2. By a chamber summons dated 17th January, 2020 but filed in court on 27th May, 2020 in Misc. Appl. No. 159 of 2020 the appellant applied for and was granted leave to file an appeal against the said conviction and sentence.
3. The appellant on 2nd June, 2020 filed this appeal and raised the following grounds of appeal:
a. The trial Magistrate erred in law and in fact in failing to find that the prosecution failed to establish and build a prima facie case as required in law.
b. The Honourable trial magistrate erred in law and fact by not finding that the elements and components of the offense alleged against her were not proved at all.

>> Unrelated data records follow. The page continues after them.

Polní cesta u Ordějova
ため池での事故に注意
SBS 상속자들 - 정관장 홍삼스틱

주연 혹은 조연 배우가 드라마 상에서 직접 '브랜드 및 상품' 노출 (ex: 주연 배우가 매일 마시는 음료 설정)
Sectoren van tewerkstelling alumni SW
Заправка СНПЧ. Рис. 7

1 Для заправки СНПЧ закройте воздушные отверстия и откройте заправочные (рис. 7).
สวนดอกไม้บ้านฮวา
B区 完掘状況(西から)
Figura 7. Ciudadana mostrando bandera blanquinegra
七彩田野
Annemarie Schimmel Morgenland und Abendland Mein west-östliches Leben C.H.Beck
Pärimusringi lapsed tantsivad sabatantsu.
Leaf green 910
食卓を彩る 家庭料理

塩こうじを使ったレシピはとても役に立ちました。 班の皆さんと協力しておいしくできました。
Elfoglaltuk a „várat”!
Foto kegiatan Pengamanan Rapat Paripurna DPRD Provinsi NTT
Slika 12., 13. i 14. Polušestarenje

c. The trial magistrate erred by relying on misinterpreted evidence in convicting and sentencing her based on distorted evidence which was not on record.
4. When the appeal came up for hearing before me, the appellant who was unrepresented made oral submissions in support of her grounds of appeal, while Ms Ndombi for the state opposed the appeal and supported the conviction and sentence.
SUBMISSIONS
5. It was submitted by the appellant that there was contradiction on the date of the alleged commission of the offense as the key prosecution witness one ANN NDUTA stated that it was on 19th while other witnesses stated that it was on 18th July 2014. She submitted further that there was no documentary evidence tender to show that PW1 had been drug nor that PW2 took him to the hospital. It was submitted that one crucial prosecution witness, Joseph Amanda who reported the case to the police station was not called to testify.

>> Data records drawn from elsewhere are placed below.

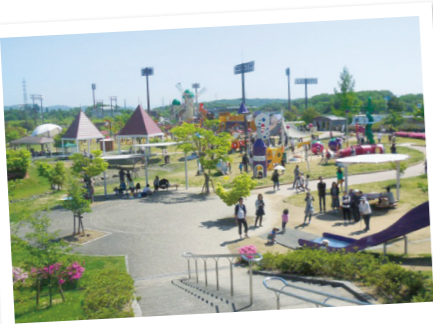
屋外大型遊具「みよしあそびの王国」
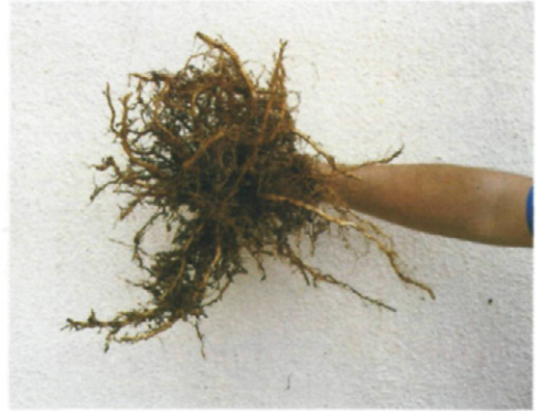
Fig. 5.—Raíces de tabaco con nódulos.

siquiera se recolectó el cultivo, que se dejó secar y pudrir en las mismas parcelas.
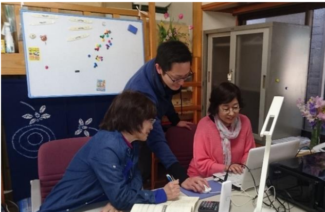
喫茶けやき裏に開設された事務所も整いました。

事務所開き当日、これまで事業認可取得に携わってきた関係者と、ささやかながらお祝いお食事会を開催しました。
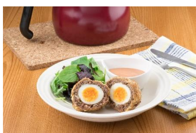
春キャベツと新玉ねぎの スコッチエッグ
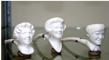
April 2013, 3 koninklijke portretten, ontwerp Roy Greve
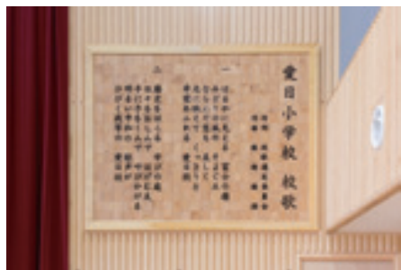
▲旧校庭にあったヒマラヤ杉を子どもたちが彫って製作した校歌板
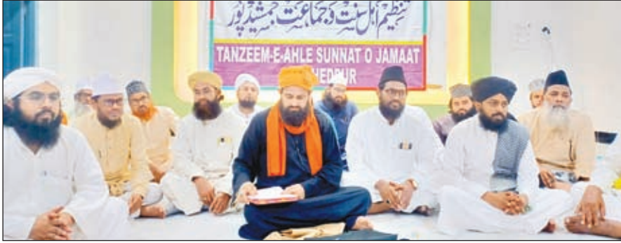
घातकीडीह में तैयारी बैठक करते मौलानागण।

बैठक में पैगंबर ए इस्लाम की याद में शानदार और भव्य मोतहदा जुलूस-ए-मोहम्मदी
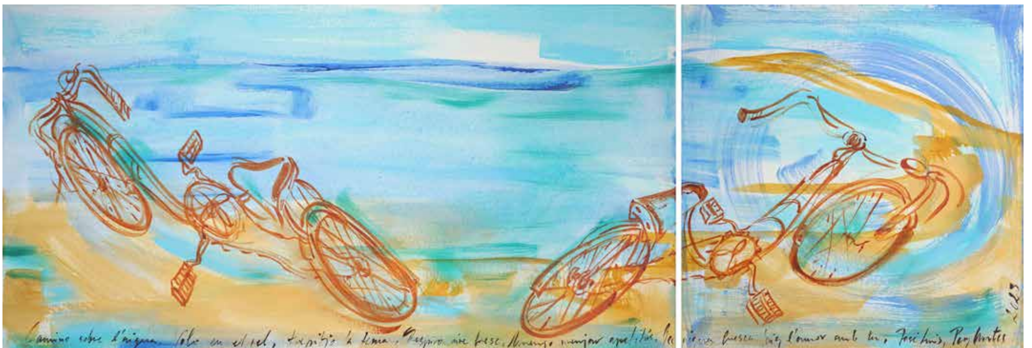
Camino sobre l'aigua , acrílic sobre tela, 150 x 50 cm., 2023.
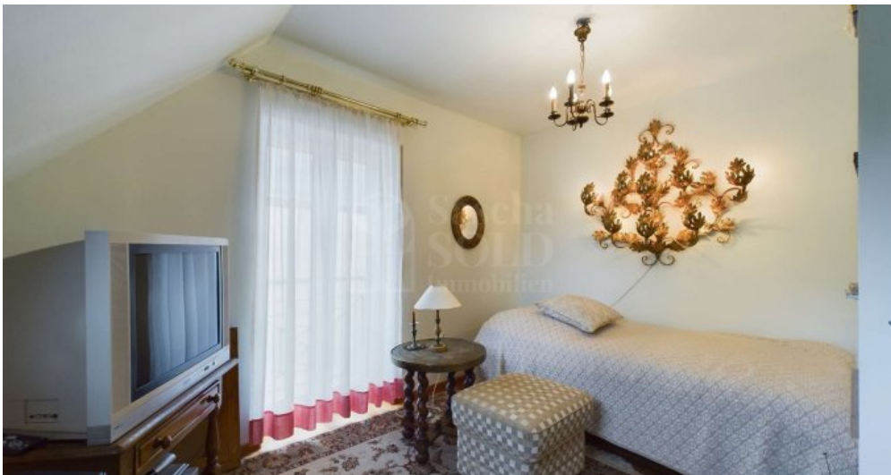
DG - Schlafzimmer
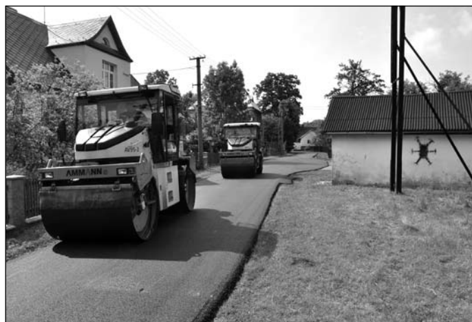
Oprava komunikace Damašek

Obec dokončuje opravu podkrovní části kulturního domu. K úspěšnému dokončení projektu se obci podařilo uspět s podanou žádostí na Moravskoslezském kraji v rámci programu Obnovy a podpory venkova. Tento projekt s názvem „Komunitní turistické centrum Třemešná-II etapa“ je podpořena z rozpočtu
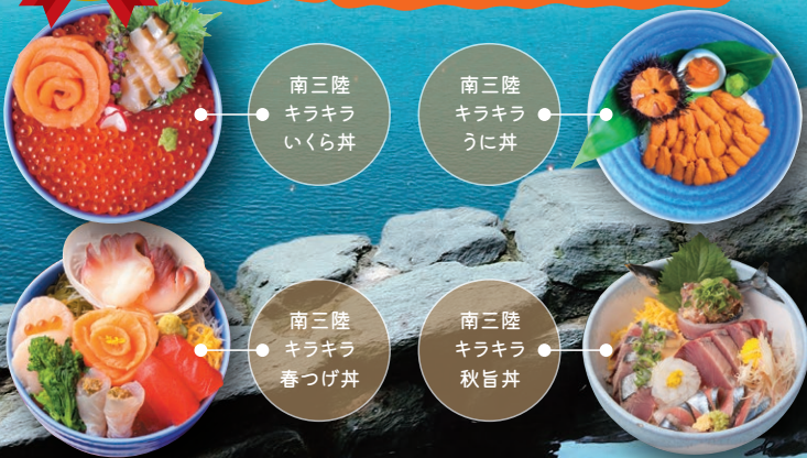
南三陸 キラキラ いくら丼
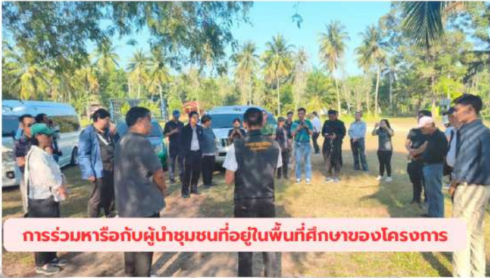
การร่วมหารือกับผู้นำชุมชนที่อยู่ในพื้นที่ศึกษาของโครงการ

เมื่อวันที่ 24-26 กุมภาพันธ์ 2569 เจ้าหน้าที่สำนักงานนโยบายและแผนทรัพยากรธรรมชาติและสิ่งแวดล้อม (สผ.) พร้อมด้วยคณะกรรมการผู้ชำนาญการพิจารณารายงานการประเมินผลกระทบสิ่งแวดล้อม โครงการโครงสร้างพื้นฐานทางน้ำ และผู้ทรงคุณวุฒิด้านนิเวศทางน้ำ ได้ลงพื้นที่ร่วมกับเจ้าหน้าที่สำนักงานนโยบายและแผนการขนส่งและจราจร (สนข.) และบริษัทที่ปรึกษาโครงการฯ เพื่อตรวจสอบพื้นที่และสำรวจสภาพแวดล้อมโดยรอบของโครงการพัฒนาท่าเรือบริเวณแหลมรีว รวมทั้งได้ร่วมหารือกับผู้นำชุมชนและประชาชนในพื้นที่ศึกษา และประชาชนบนเกาะพิทักษ์
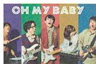
LUCY IN THE ROOM 「Oh my baby」 サッポロビール那須工場

那須フィルム・コミッションが撮影協力した、ミュージックビデオを上映いたします。那須の風景とともに楽しみください。
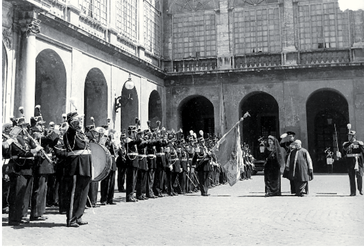
La Regina Elisabetta II d'Inghilterra mentre riceve gli Onori nel Cortile di San Damaso nel corso della visita a Papa Giovanni XXIII.
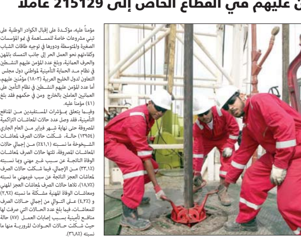
موظفون يعملون في موقع بناء
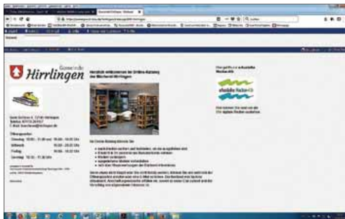
Startseite des Online-Katalogs Web-OPAC

Den Online-Katalog kann man z.B. über die Website www.hirrlingen.de (Rubrik "Lebenswertes Hirrlingen" > "Kinder, Jugend & Bildung" > "Bücherei") aufrufen.

6. It was submitted further that there was contradiction between the evidence of PW1 PATRICK MACHARIA and PW4 on the number of beers they took and further on the person who ordered meat and whether PW1 was drugged while eating the said meat. It was her contention that there was contraction on how the identification parade was conducted, neither was there any documentary evidence to prove that PW1 had been drugged. She finally submitted that no call data records were produced to show the numbers that had called PW1.
7. On behalf of the State Ms. Ndombi submitted that the appellant was properly identified by PW1 as the person who had contacted him on 18th July, 2014 and whom he met with at ROYSAMBU before proceeding with her to Kitengele. It was submitted that he had sufficient time with her to enable him identify her. It was submitted that the identification parade was properly done at which the appellant was positively identified.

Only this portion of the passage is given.